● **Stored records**

= = =

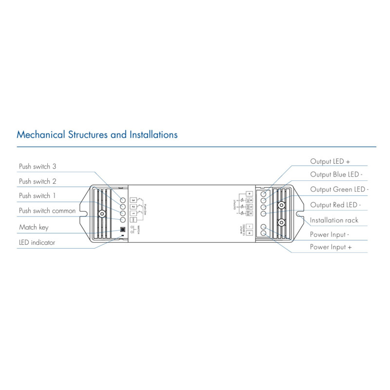 Ten produkt akceptuje do 3 przycisków PUSH i umożliwia różne funkcje, takie jak regulacja według koloru, zmiany odcienia, ściemnianie 0-100% itp.
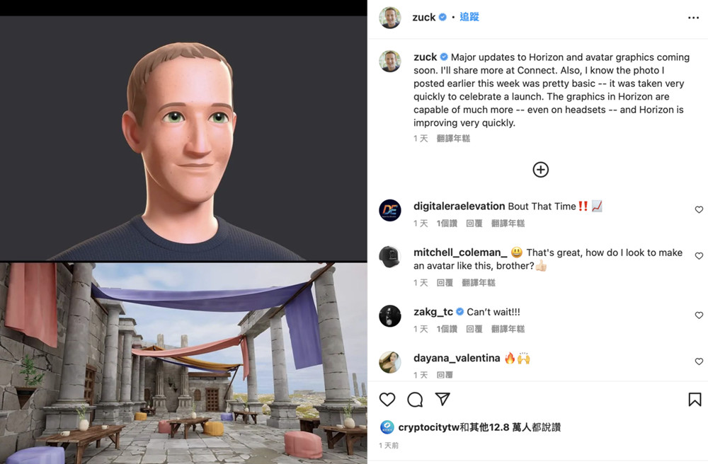 昨日(20)日扎克伯格为挽回颜面,在个人IG再次发表了画质升级版的Horizon Worlds和虚拟替身。
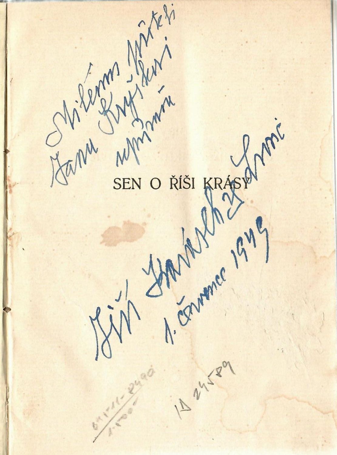Kniha vyšla jako X. svazek "Spisů" Jiřího Karáska ze Lvovic. Na patitulu rkp. dedikace modrým perem "Milému příteli Janu Kryškovi upřímně Jiří Karásek ze Lvovic 1. červenec 1949". - Dobová kartonová vazba potažená olejovým papírem s rostlinným dekorem, na přídeštích a předsádkách stejný papír světlejší barevnosti, na přední desce a ve hřbetu pap. štítky s červeně tištěným názvem. Na patitulu a jeho rubu světle hnědá skvrnka (snad od kávy), při spodním okraji patitulu mírně radírovaný papír (snad pokus o odstranění nečistoty), prvních 19 stran uprostřed svisle lehce přeložených.
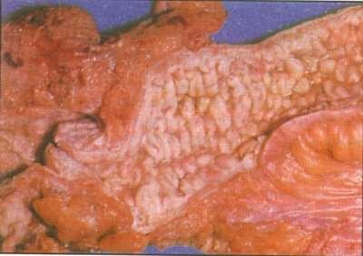 Klinika. Çox rəngarəngdir. Diareya və sorulma pozğunluqlarına görə çəki itkisi kardinal simptomdur. İshalsız gediş zamanı oynaq ağrıları (iltihablı və iltihabsız klinik gediş), yağlı və ya qanlı nəcis ifrazı, qarında spazmlar, köp, qızdırma, yorğunluq, dərinin tündləşməsi, iştahın azalması, limfa düyünlərinin böyüməsi, NB-ın selikli qişasında anomal sarı və ağ ləkələrin (endoskopik görünüş) əmələ gəlməsi kimi fərqli əlamətlər müşahidə olunur.
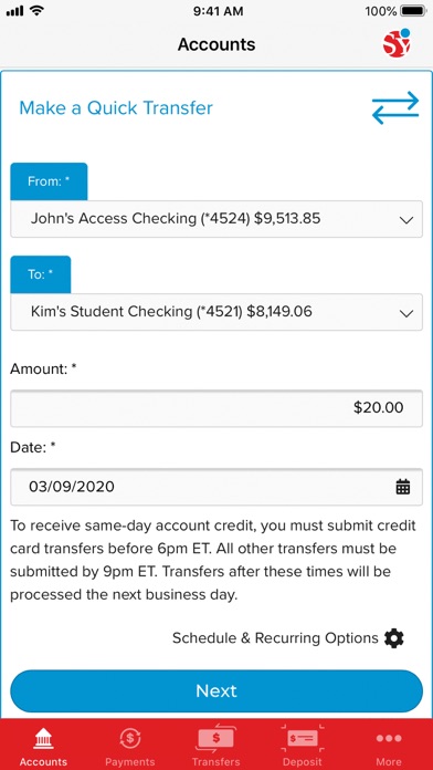 Move funds quickly and securely between your accounts
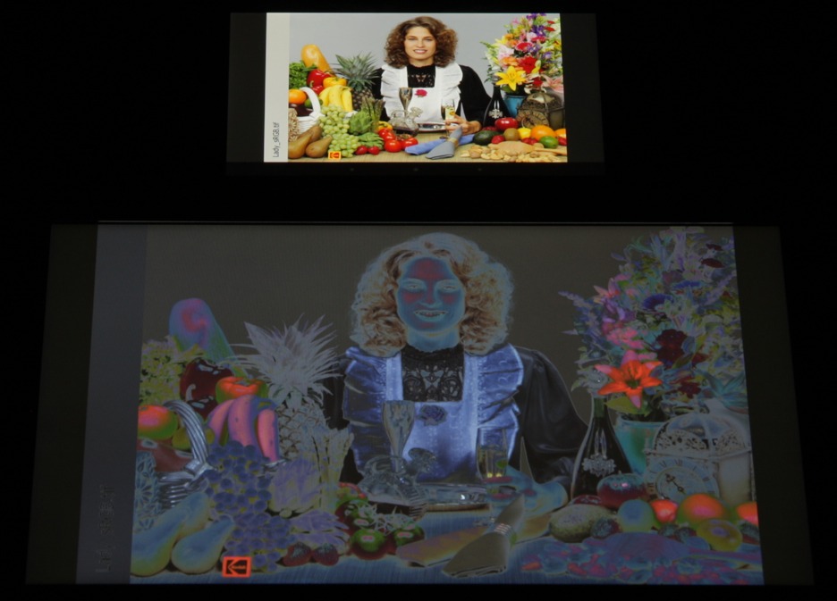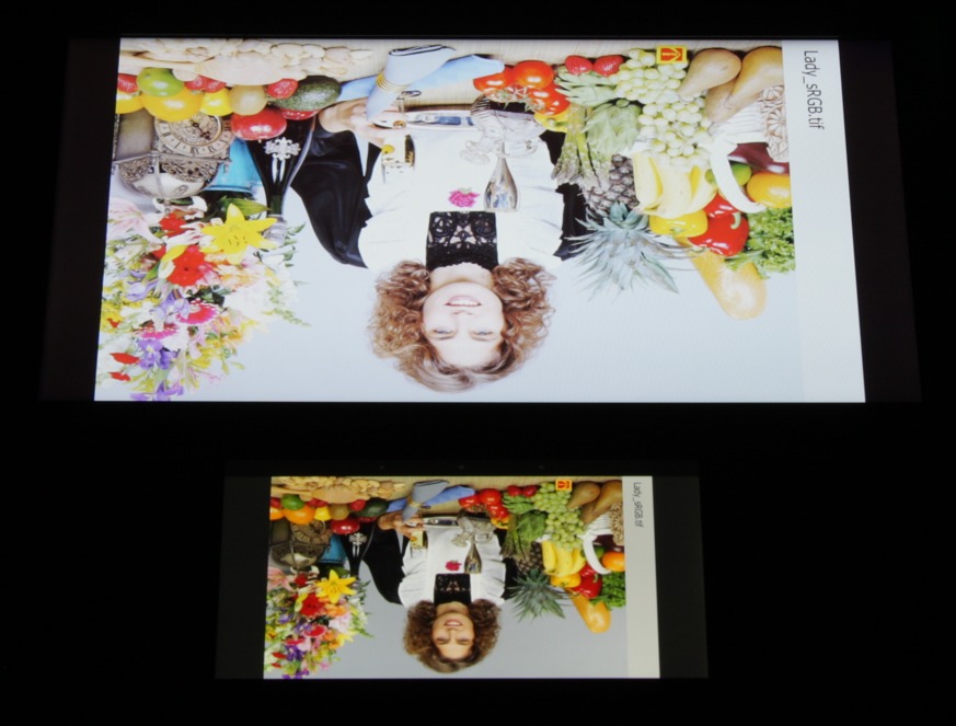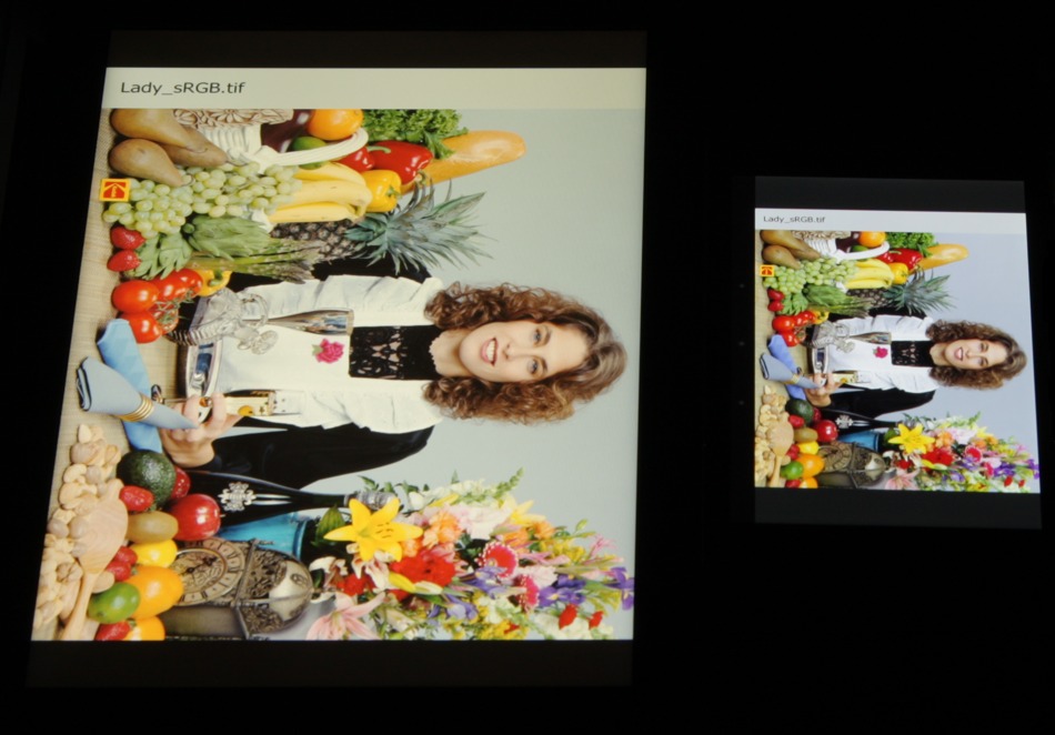 В MacBook Air используется ЖК-матрица типа TN, поэтому экран имеет хорошие углы обзора без инвертирования оттенков и без большого сдвига цветов при отклонении взгляда по горизонтали, но при отклонении взгляда вниз инвертируются темные оттенки, при отклонении вверх — светлые. Для сравнения приведем фотографии, на которых на экраны Nexus 7 и тестируемого устройства выведены одинаковые изображения, при этом яркость обоих экранов установлена примерно на 200 кд/м², а цветовой баланс на фотоаппарате принудительно переключен на 6500 К. Перпендикулярно к экранам тестовая картинка:
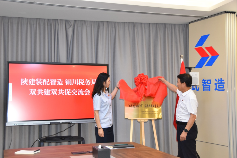 銅川稅務(wù)局納稅服務(wù)中心黨支部書記郭秀梅、陜建裝配智造公司黨支部書記王輝共同為“雙共建 雙共促支部共建聯(lián)系點”揭牌
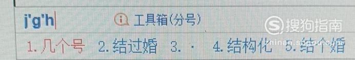 前面我们也介绍过圆点的学名叫做间隔号,所以在输入法的中文状态下输入jgh三个字母,我们就可以看到第3就是一个点,我们单击选择即可。
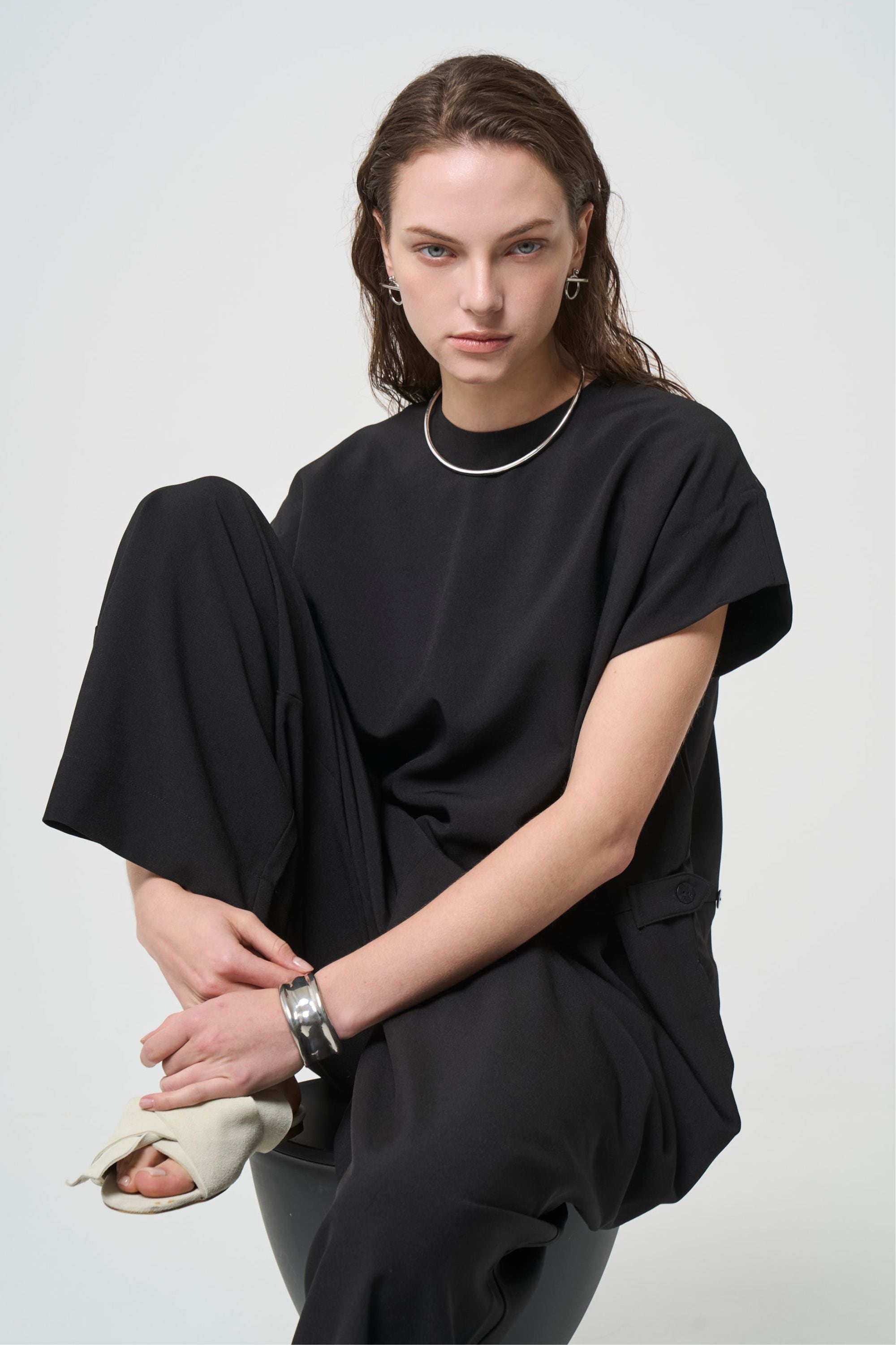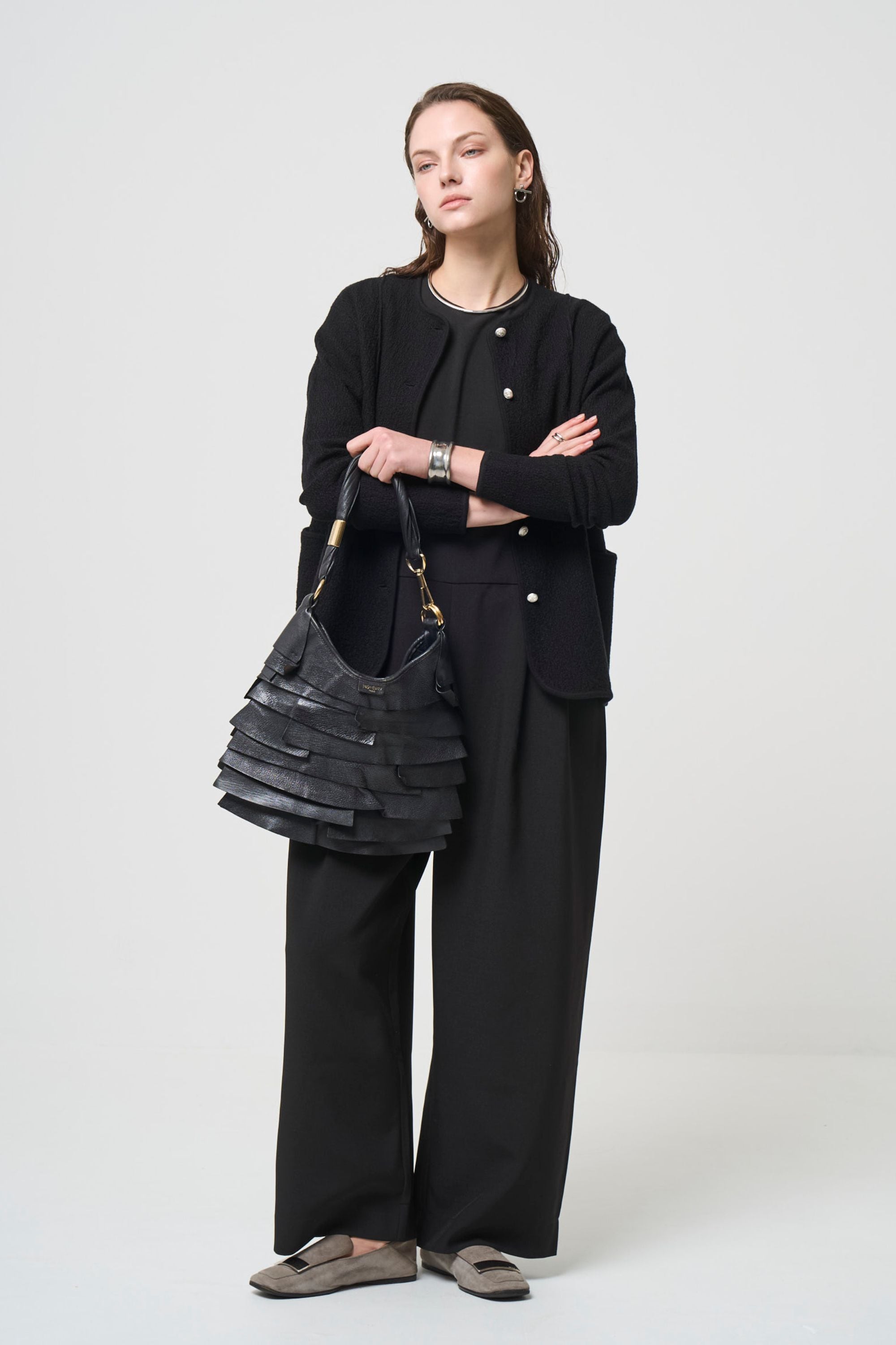 ハリのある生地でマニッシュな印象を残しながら

= = =

● **What is needed**
Retype all the data exactly, please, without pictures.

● **Output of the task**
 Ten produkt akceptuje do 3 przycisków PUSH i umożliwia różne funkcje, takie jak regulacja według koloru, zmiany odcienia, ściemnianie 0-100% itp.
 昨日(20)日扎克伯格为挽回颜面,在个人IG再次发表了画质升级版的Horizon Worlds和虚拟替身。
Kniha vyšla jako X. svazek "Spisů" Jiřího Karáska ze Lvovic. Na patitulu rkp. dedikace modrým perem "Milému příteli Janu Kryškovi upřímně Jiří Karásek ze Lvovic 1. červenec 1949". - Dobová kartonová vazba potažená olejovým papírem s rostlinným dekorem, na přídeštích a předsádkách stejný papír světlejší barevnosti, na přední desce a ve hřbetu pap. štítky s červeně tištěným názvem. Na patitulu a jeho rubu světle hnědá skvrnka (snad od kávy), při spodním okraji patitulu mírně radírovaný papír (snad pokus o odstranění nečistoty), prvních 19 stran uprostřed svisle lehce přeložených.
 Klinika. Çox rəngarəngdir. Diareya və sorulma pozğunluqlarına görə çəki itkisi kardinal simptomdur. İshalsız gediş zamanı oynaq ağrıları (iltihablı və iltihabsız klinik gediş), yağlı və ya qanlı nəcis ifrazı, qarında spazmlar, köp, qızdırma, yorğunluq, dərinin tündləşməsi, iştahın azalması, limfa düyünlərinin böyüməsi, NB-ın selikli qişasında anomal sarı və ağ ləkələrin (endoskopik görünüş) əmələ gəlməsi kimi fərqli əlamətlər müşahidə olunur.
 Move funds quickly and securely between your accounts
 В MacBook Air используется ЖК-матрица типа TN, поэтому экран имеет хорошие углы обзора без инвертирования оттенков и без большого сдвига цветов при отклонении взгляда по горизонтали, но при отклонении взгляда вниз инвертируются темные оттенки, при отклонении вверх — светлые. Для сравнения приведем фотографии, на которых на экраны Nexus 7 и тестируемого устройства выведены одинаковые изображения, при этом яркость обоих экранов установлена примерно на 200 кд/м², а цветовой баланс на фотоаппарате принудительно переключен на 6500 К. Перпендикулярно к экранам тестовая картинка:
 銅川稅務(wù)局納稅服務(wù)中心黨支部書記郭秀梅、陜建裝配智造公司黨支部書記王輝共同為“雙共建 雙共促支部共建聯(lián)系點”揭牌
 前面我们也介绍过圆点的学名叫做间隔号,所以在输入法的中文状态下输入jgh三个字母,我们就可以看到第3就是一个点,我们单击选择即可。
 ハリのある生地でマニッシュな印象を残しながら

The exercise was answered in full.